If the elevator car departs from the normal travel plot usual in normal operation this is detected by a safety monitoring system. The moved elevator car is then, in a special operating mode, decelerated to standstill by brake equipment by means of a braking force, which is produced by the brake equipment together with a brake track, and subsequently held at standstill. A special operating mode arises when an intended travel sequence has to be interrupted due to a fault and accordingly it is not possible to travel to a planned destination stopping point. This includes, for example, departure of an effective travel movement from the normal travel plot, an interruption of drive energy, a failure of operating-mode brake systems or also a failure of the suspension means.
EP 1792864 shows brake equipment of that kind in the form of a safety brake.
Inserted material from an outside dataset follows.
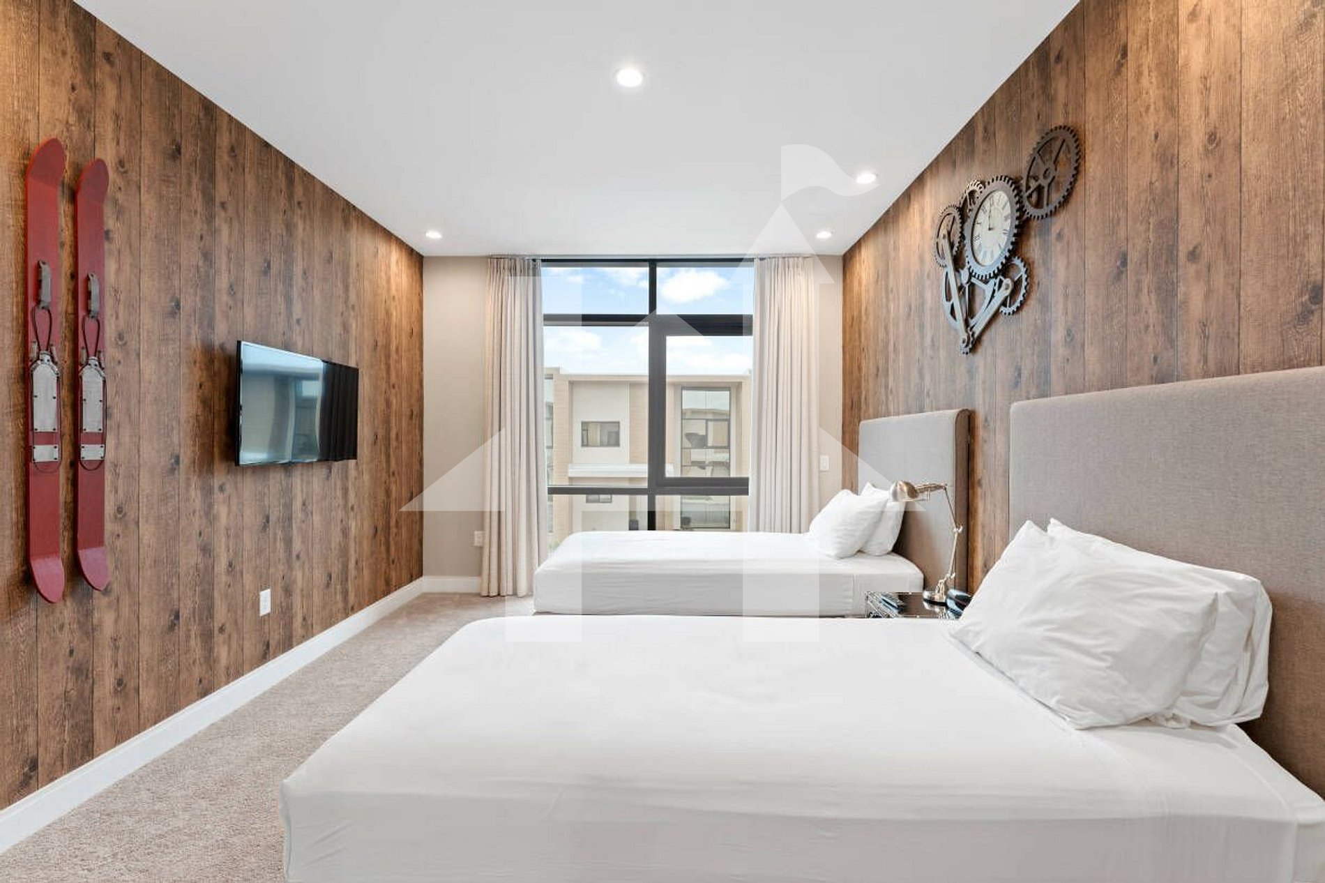 - Quarto com cama king-size, TV de 50 polegadas, banheiro completo, closet e varanda.

In this regard the safety brake is actuated, which rapidly and safely stops the elevator car, if fault behavior is detected. The braking force is produced in these items of braking equipment in that a brake lining is pressed by a force against the brake track. This pressing force is termed normal force and the braking force results from this normal force and a coefficient of friction specific to a brake pairing. The brake pair is defined by the brake lining and the brake track.
Another elevator system of that kind or brake equipment is known from EP 0648703. In this connection the elevator car is, in a special operating mode, decelerated and held at standstill by means of regulable brake equipment independent of the drive.
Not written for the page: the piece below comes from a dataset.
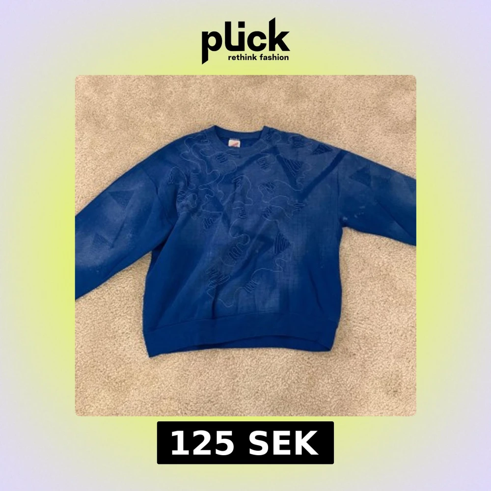 Blå tröja som är köpt på plick. Står storlek XL men sitter lite baggy på mig som har storlek S. Hojta till för fler bilder :-)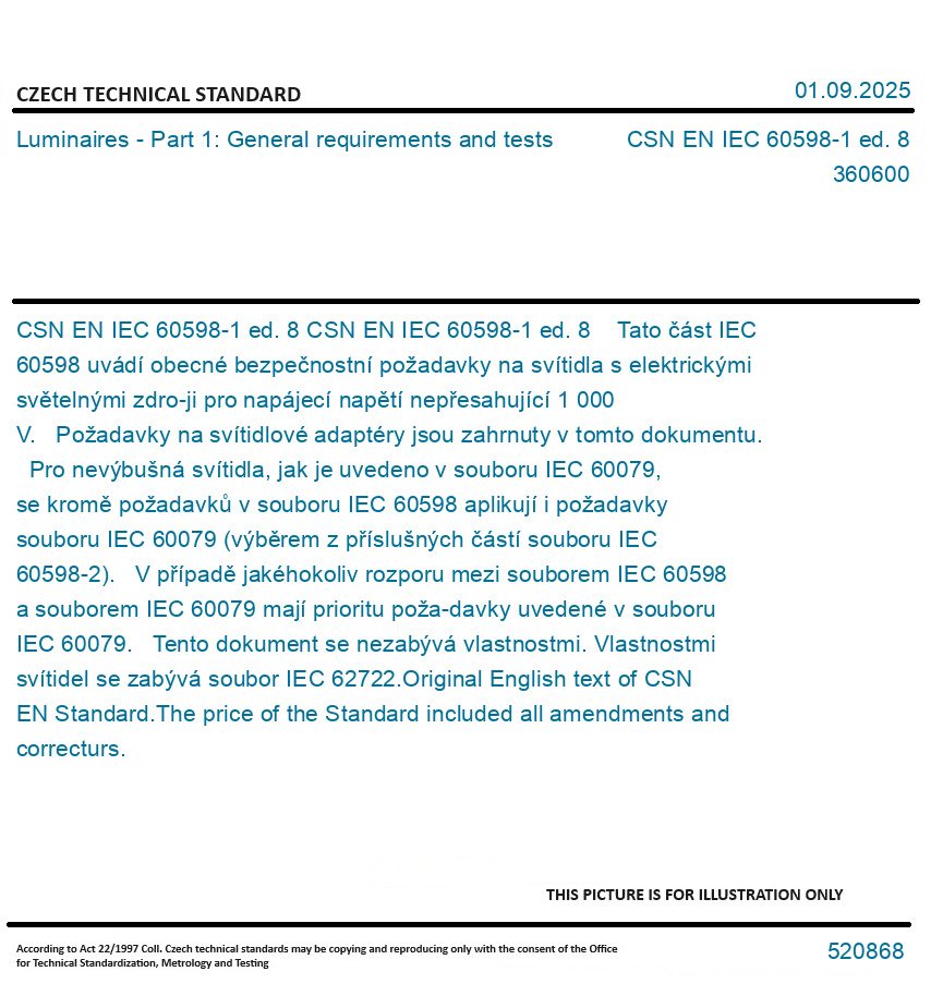 CSN EN IEC 60598-1 ed. 8 Tato část IEC 60598 uvádí obecné bezpečnostní požadavky na svítidla s elektrickými světelnými zdro-ji pro napájecí napětí nepřesahující 1 000 V. Požadavky na svítidlové adaptéry jsou zahrnuty v tomto dokumentu. Pro nevýbušná svítidla, jak je uvedeno v souboru IEC 60079, se kromě požadavků v souboru IEC 60598 aplikují i požadavky souboru IEC 60079 (výběrem z příslušných částí souboru IEC 60598-2). V případě jakéhokoliv rozporu mezi souborem IEC 60598 a souborem IEC 60079 mají prioritu poža-davky uvedené v souboru IEC 60079. Tento dokument se nezabývá vlastnostmi. Vlastnostmi svítidel se zabývá soubor IEC 62722. Original English text of CSN EN Standard. The price of the Standard included all amendments and correcturs.

A disagreeable aspect of these elevator systems is that after response of this brake equipment in the special operating mode the elevator car comes to a stop at random. A long waiting time usually follows until service personnel are on site in order to free any trapped persons. Moreover, there is no solution as to how the state of a stationary car can be recognized in order to securely hold it after standstill has taken place. It would be obvious for this purpose to make use of a signal of a speed sensor from which naturally a standstill state can be recognised.